+++ PROVIDED RECORDS +++

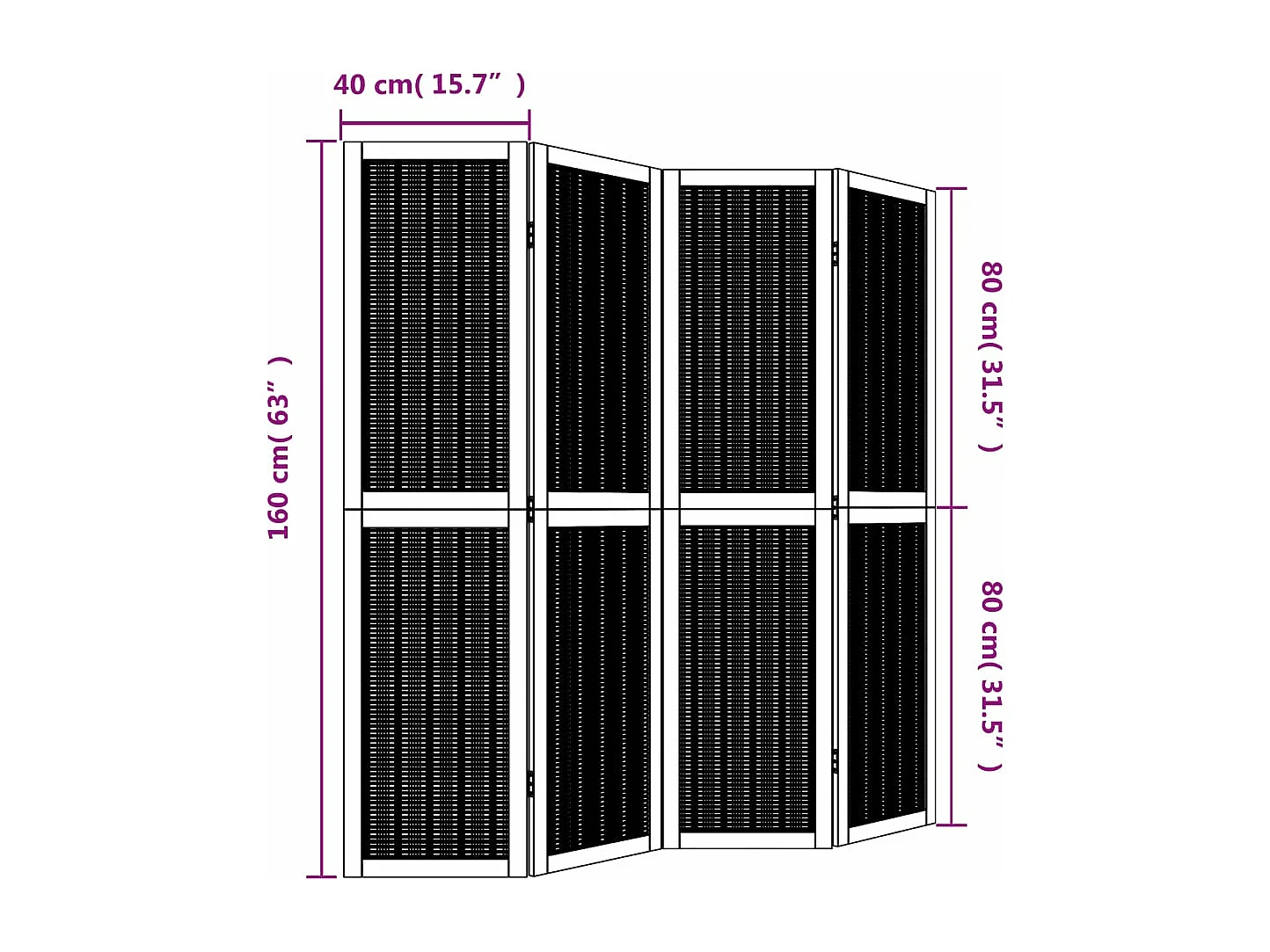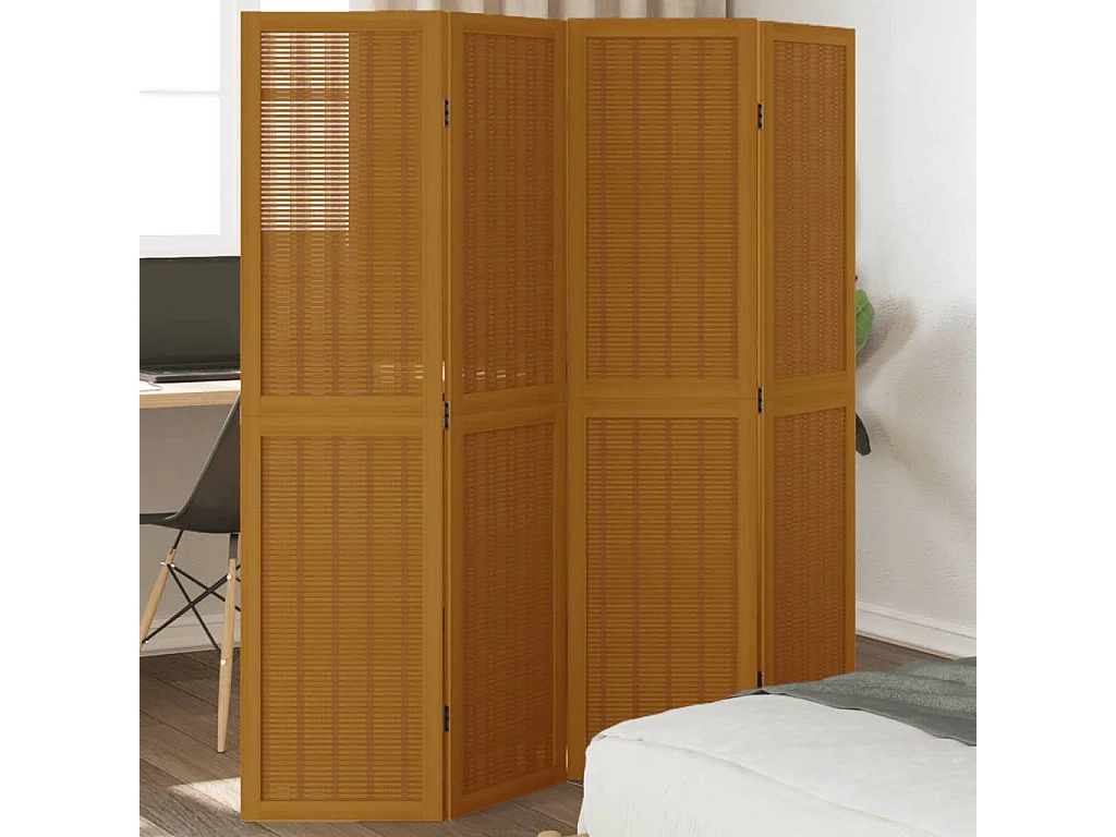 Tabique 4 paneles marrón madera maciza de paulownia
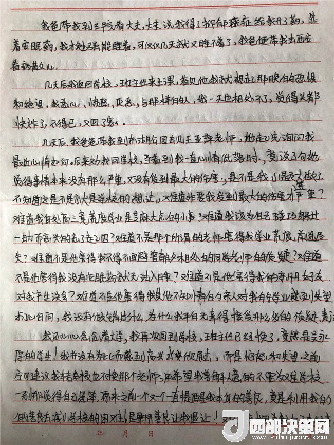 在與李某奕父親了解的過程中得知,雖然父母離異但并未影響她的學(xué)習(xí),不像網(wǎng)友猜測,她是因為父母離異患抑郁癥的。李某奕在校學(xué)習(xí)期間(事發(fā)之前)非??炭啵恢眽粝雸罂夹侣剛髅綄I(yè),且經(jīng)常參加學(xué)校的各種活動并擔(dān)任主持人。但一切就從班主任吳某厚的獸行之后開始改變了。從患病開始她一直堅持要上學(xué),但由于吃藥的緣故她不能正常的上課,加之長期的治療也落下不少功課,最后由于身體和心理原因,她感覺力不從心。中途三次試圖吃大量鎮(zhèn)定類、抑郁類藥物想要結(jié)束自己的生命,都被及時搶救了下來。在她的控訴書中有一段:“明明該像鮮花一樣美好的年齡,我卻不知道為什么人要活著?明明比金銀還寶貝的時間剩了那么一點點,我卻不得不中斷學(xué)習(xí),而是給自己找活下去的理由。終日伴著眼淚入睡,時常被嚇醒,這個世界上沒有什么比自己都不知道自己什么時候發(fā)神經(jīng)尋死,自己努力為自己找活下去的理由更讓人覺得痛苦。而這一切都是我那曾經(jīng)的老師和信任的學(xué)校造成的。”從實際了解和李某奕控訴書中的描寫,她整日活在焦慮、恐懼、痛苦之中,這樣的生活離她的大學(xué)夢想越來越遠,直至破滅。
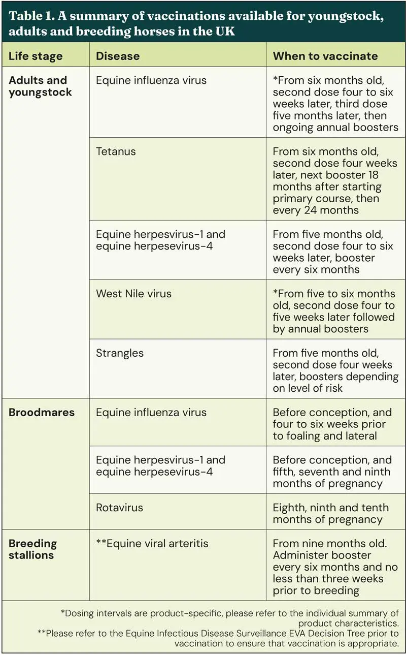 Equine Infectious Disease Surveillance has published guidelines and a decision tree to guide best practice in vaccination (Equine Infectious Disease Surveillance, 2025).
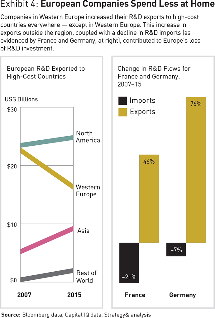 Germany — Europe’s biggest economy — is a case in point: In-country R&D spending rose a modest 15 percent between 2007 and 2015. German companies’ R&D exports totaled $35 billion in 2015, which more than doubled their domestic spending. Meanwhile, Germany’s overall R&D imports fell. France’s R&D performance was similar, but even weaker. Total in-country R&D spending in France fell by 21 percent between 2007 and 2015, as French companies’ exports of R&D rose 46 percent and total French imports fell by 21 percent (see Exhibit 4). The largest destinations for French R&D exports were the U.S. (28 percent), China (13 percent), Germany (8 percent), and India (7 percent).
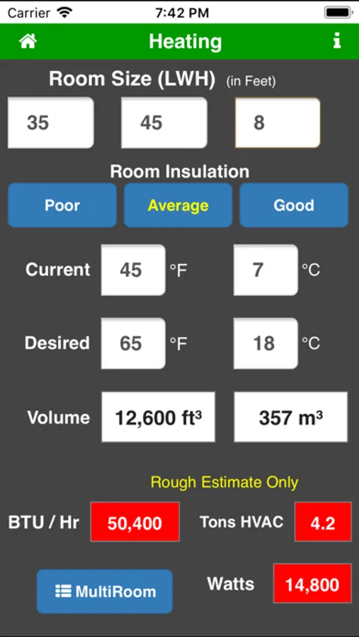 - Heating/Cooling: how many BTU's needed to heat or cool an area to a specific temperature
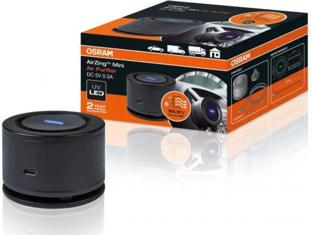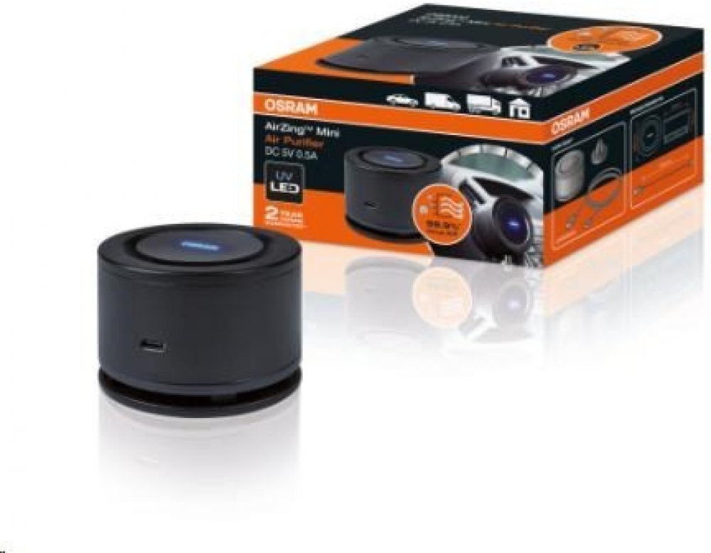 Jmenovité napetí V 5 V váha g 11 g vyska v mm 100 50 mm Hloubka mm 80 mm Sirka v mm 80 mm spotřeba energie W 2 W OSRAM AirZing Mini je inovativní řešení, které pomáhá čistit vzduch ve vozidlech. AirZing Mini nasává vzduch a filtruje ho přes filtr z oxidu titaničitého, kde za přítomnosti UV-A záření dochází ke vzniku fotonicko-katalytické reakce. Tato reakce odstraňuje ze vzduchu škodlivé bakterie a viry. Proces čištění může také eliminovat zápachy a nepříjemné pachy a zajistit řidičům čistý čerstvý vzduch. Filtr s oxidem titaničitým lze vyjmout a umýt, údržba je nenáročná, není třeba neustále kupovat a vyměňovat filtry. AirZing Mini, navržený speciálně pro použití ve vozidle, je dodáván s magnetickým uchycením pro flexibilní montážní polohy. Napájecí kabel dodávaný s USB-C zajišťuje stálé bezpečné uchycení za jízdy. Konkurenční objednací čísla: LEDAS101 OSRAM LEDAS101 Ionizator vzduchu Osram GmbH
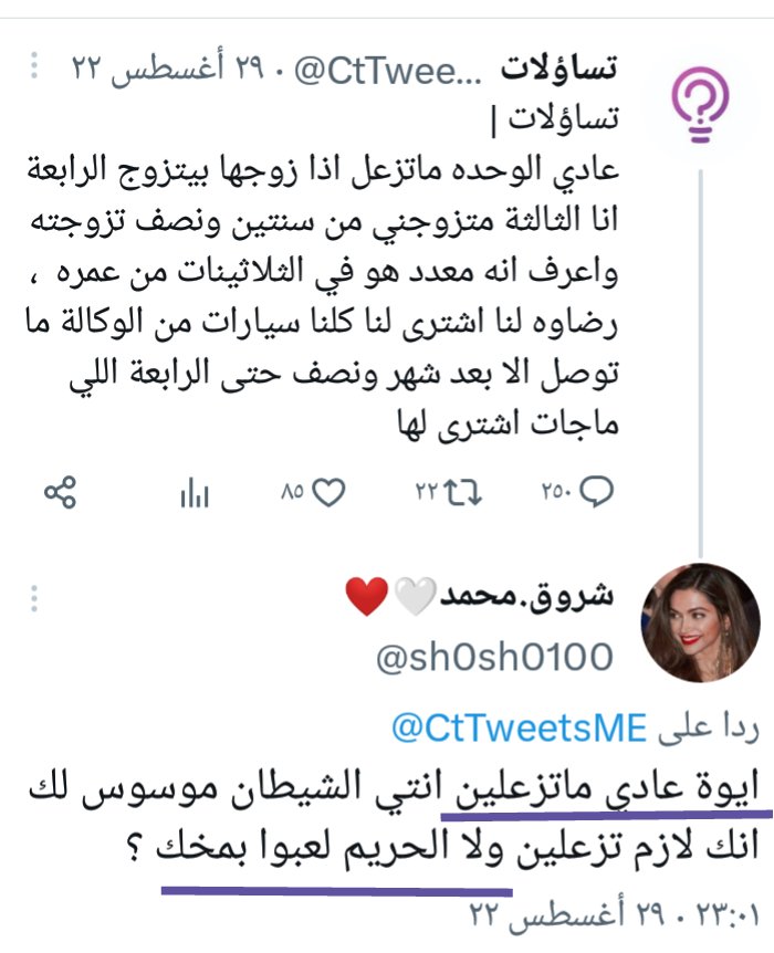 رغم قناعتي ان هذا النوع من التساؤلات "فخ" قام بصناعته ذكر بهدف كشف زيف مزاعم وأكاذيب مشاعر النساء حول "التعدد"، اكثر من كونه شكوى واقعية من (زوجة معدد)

+++

PROBLEM TO SOLVE
Extract word for word every line from the line that contains "Jmenovité napetí V" to the final line of the data, both included, and nothing else; skip the pictures.

SOLUTION TO THIS PROBLEM
 Jmenovité napetí V 5 V váha g 11 g vyska v mm 100 50 mm Hloubka mm 80 mm Sirka v mm 80 mm spotřeba energie W 2 W OSRAM AirZing Mini je inovativní řešení, které pomáhá čistit vzduch ve vozidlech. AirZing Mini nasává vzduch a filtruje ho přes filtr z oxidu titaničitého, kde za přítomnosti UV-A záření dochází ke vzniku fotonicko-katalytické reakce. Tato reakce odstraňuje ze vzduchu škodlivé bakterie a viry. Proces čištění může také eliminovat zápachy a nepříjemné pachy a zajistit řidičům čistý čerstvý vzduch. Filtr s oxidem titaničitým lze vyjmout a umýt, údržba je nenáročná, není třeba neustále kupovat a vyměňovat filtry. AirZing Mini, navržený speciálně pro použití ve vozidle, je dodáván s magnetickým uchycením pro flexibilní montážní polohy. Napájecí kabel dodávaný s USB-C zajišťuje stálé bezpečné uchycení za jízdy. Konkurenční objednací čísla: LEDAS101 OSRAM LEDAS101 Ionizator vzduchu Osram GmbH
 رغم قناعتي ان هذا النوع من التساؤلات "فخ" قام بصناعته ذكر بهدف كشف زيف مزاعم وأكاذيب مشاعر النساء حول "التعدد"، اكثر من كونه شكوى واقعية من (زوجة معدد)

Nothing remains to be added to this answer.